[Task directions]: Word for word, restate the lines of the data below between those holding "Tub Chair with Footstool Silver" and "在弹出的【生成报告】窗口里按", inclusive; pictures do not belong in the copy.

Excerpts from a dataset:

"""

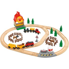 Большой набор ''Загородная ферма'' станет любимой игрушкой у Вашего малыша. В состав набора входит железнодорожное полотно со стрелками, трактор c тележками, небольшое сооружение для погрузки баллонов, 2 фигурки животных, загон для коровы и лошади, знак, елки и поезд с двумя вагонами, предназначенными для перевозки животных и грузов. Двери вагонов открываются, образуя сходни, по которым животное может подняться. Набор состоит из 50 деталей. Батарейки приобретаются отдельно. Набор упакован в красивую подарочную коробку. Поезд Брио работает от батареек и может самостоятельно передвигаться. Трактор можно катать по железной дороге вручную. ''Загородная ферма'' понравится и мальчикам, и девочкам. Ваш ребенок сможет катать корову или лошадь в вагонах, перевозить и разгружать важные грузы с помощью магнитного крана, пропускать животных через дорогу, высаживать свой лес из елок, не дать животным выбежать на дорогу во время движения поезда, использую заграждения, устроить аварию на железнодорожном полотне и даже придумать интересные истории про обитателей фермы и перевозку груза. Благодаря магнитной сцепки поезда Brio могут соединяться с любыми другими вагонами этой фирмы. Игра с набором железной дороги "Загородная Ферма" BRIO купить положительно влияет на психику, развивает усидчивость, фантазию, творческие способности и внимательность.
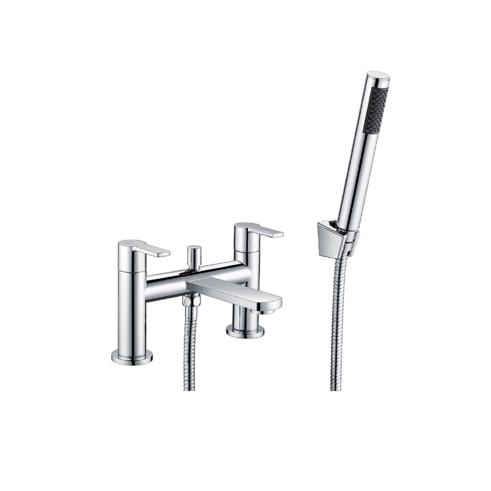 A premium minimalist bath shower mixer tap with a rounded body and softly curved lever to suit any modern bathroom – smooth single lever ceramic disk operation
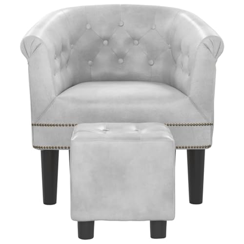 Tub Chair with Footstool Silver Faux Leather,Elegant Silver Tub Chair with Footstool: for Home or Office Living Room Furniture
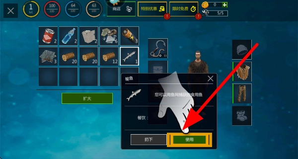 4、在物品栏中选择捕获的鱼,点击使用,可利用鱼来恢复状态或进行其他操作,保障生存需求。
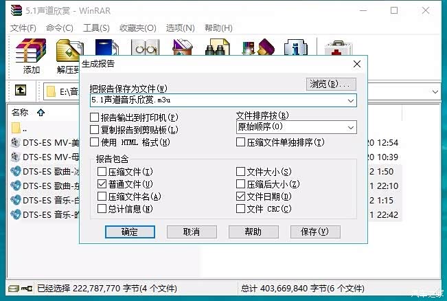 在弹出的【生成报告】窗口里按图示勾选项目,并输入文件名为5.1声道音乐欣赏.M3U,点击确定,自动生成【5.1声道音乐欣赏.M3U】播放列表文件,见下图:
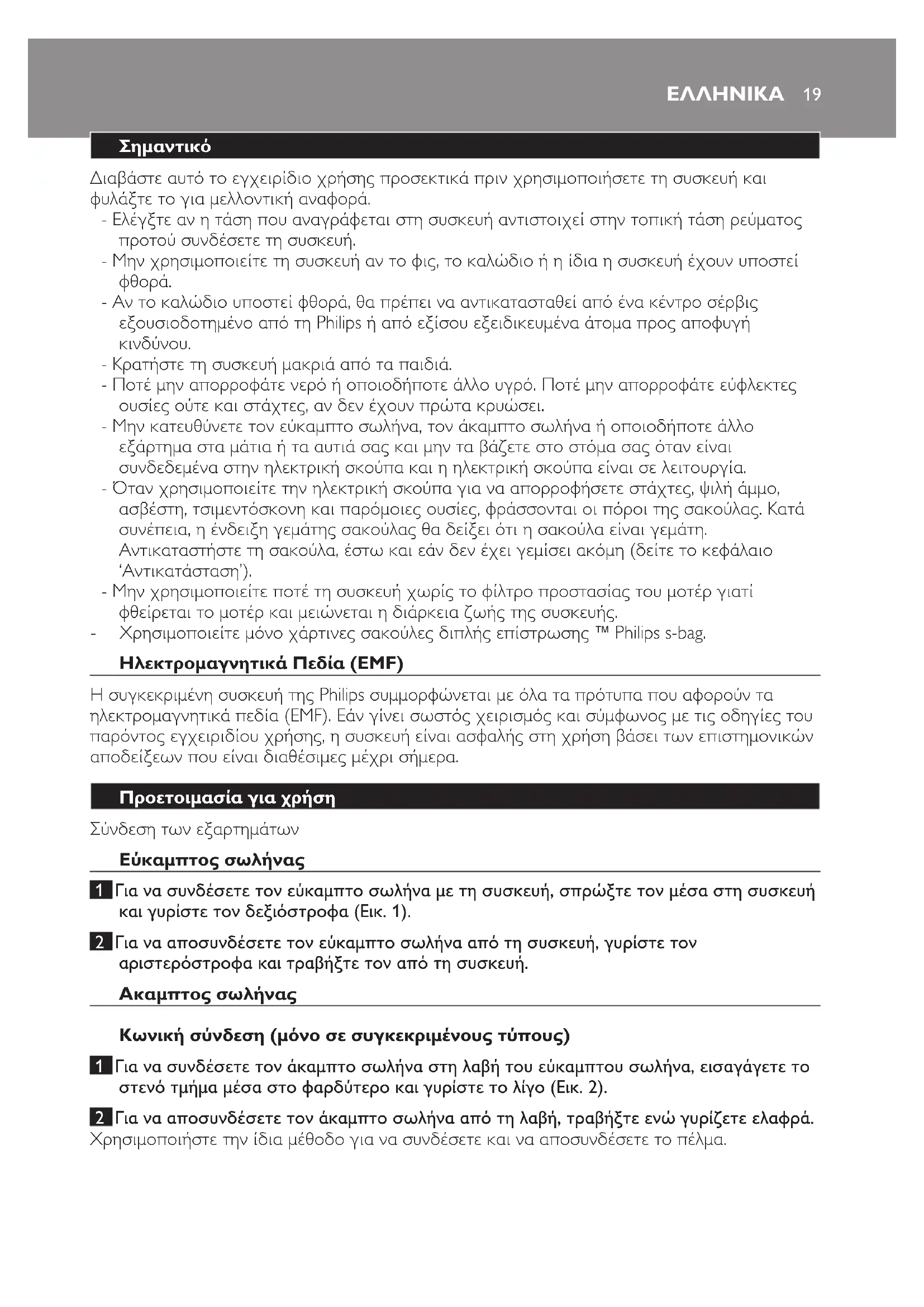 - Κρατήστε τη συσκευή μακριά από τα παιδιά. - Ποτέ μην απορροφάτε νερό ή οποιοδήποτε άλλο υγρό. Ποτέ μην απορροφάτε εύφλεκτες ουσίες ούτε και στάχτες, αν δεν έχουν πρώτα κρυώσει. - Μην κατευθύνετε τον εύκαμπτο σωλήνα, τον άκαμπτο σωλήνα ή οποιοδήποτε άλλο εξάρτημα στα μάτια ή τα αυτιά σας και μην τα βάζετε στο στόμα σας όταν είναι συνδεδεμένα στην ηλεκτρική σκούπα και η ηλεκτρική σκούπα είναι σε λειτουργία. - Όταν χρησιμοποιείτε την ηλεκτρική σκούπα για να απορροφήσετε στάχτες, ψιλή άμμο, ασβέστη, τσιμεντόσκονη και παρόμοιες ουσίες, φράσσονται οι πόροι της σακούλας. Κατά συνέπεια, η ένδειξη γεμάτης σακούλας θα δείξει ότι η σακούλα είναι γεμάτη. Αντικαταστήστε τη σακούλα, έστω και εάν δεν έχει γεμίσει ακόμη (δείτε το κεφάλαιο ‘Αντικατάσταση’). - Μην χρησιμοποιείτε ποτέ τη συσκευή χωρίς το φίλτρο προστασίας του μοτέρ γιατί φθείρεται το μοτέρ και μειώνεται η διάρκεια ζωής της συσκευής. - Χρησιμοποιείτε μόνο χάρτινες σακούλες διπλής επίστρωσης ` Philips s-bag.
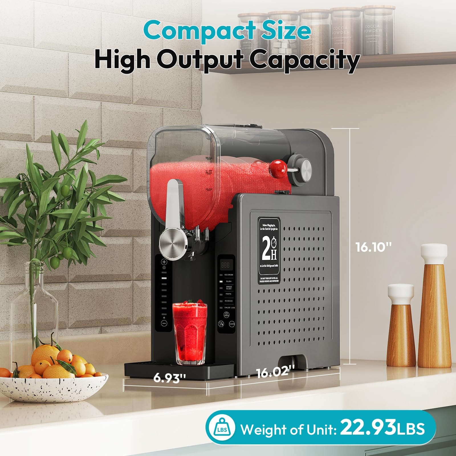 - 【One Touch Frozen Drinks】 The slushy machine with a crystal-clear LED panel and responsive buttons let you select modes, track time, and adjust settings. The digital timer ensures consistency - no more guessing if the slush is “done”. No bulky freezer bowls, no extra gadgets. A true frozen drink machine for perfectionists

"""

[Written answer]:
 Tub Chair with Footstool Silver Faux Leather,Elegant Silver Tub Chair with Footstool: for Home or Office Living Room Furniture
 4、在物品栏中选择捕获的鱼,点击使用,可利用鱼来恢复状态或进行其他操作,保障生存需求。
 在弹出的【生成报告】窗口里按图示勾选项目,并输入文件名为5.1声道音乐欣赏.M3U,点击确定,自动生成【5.1声道音乐欣赏.M3U】播放列表文件,见下图:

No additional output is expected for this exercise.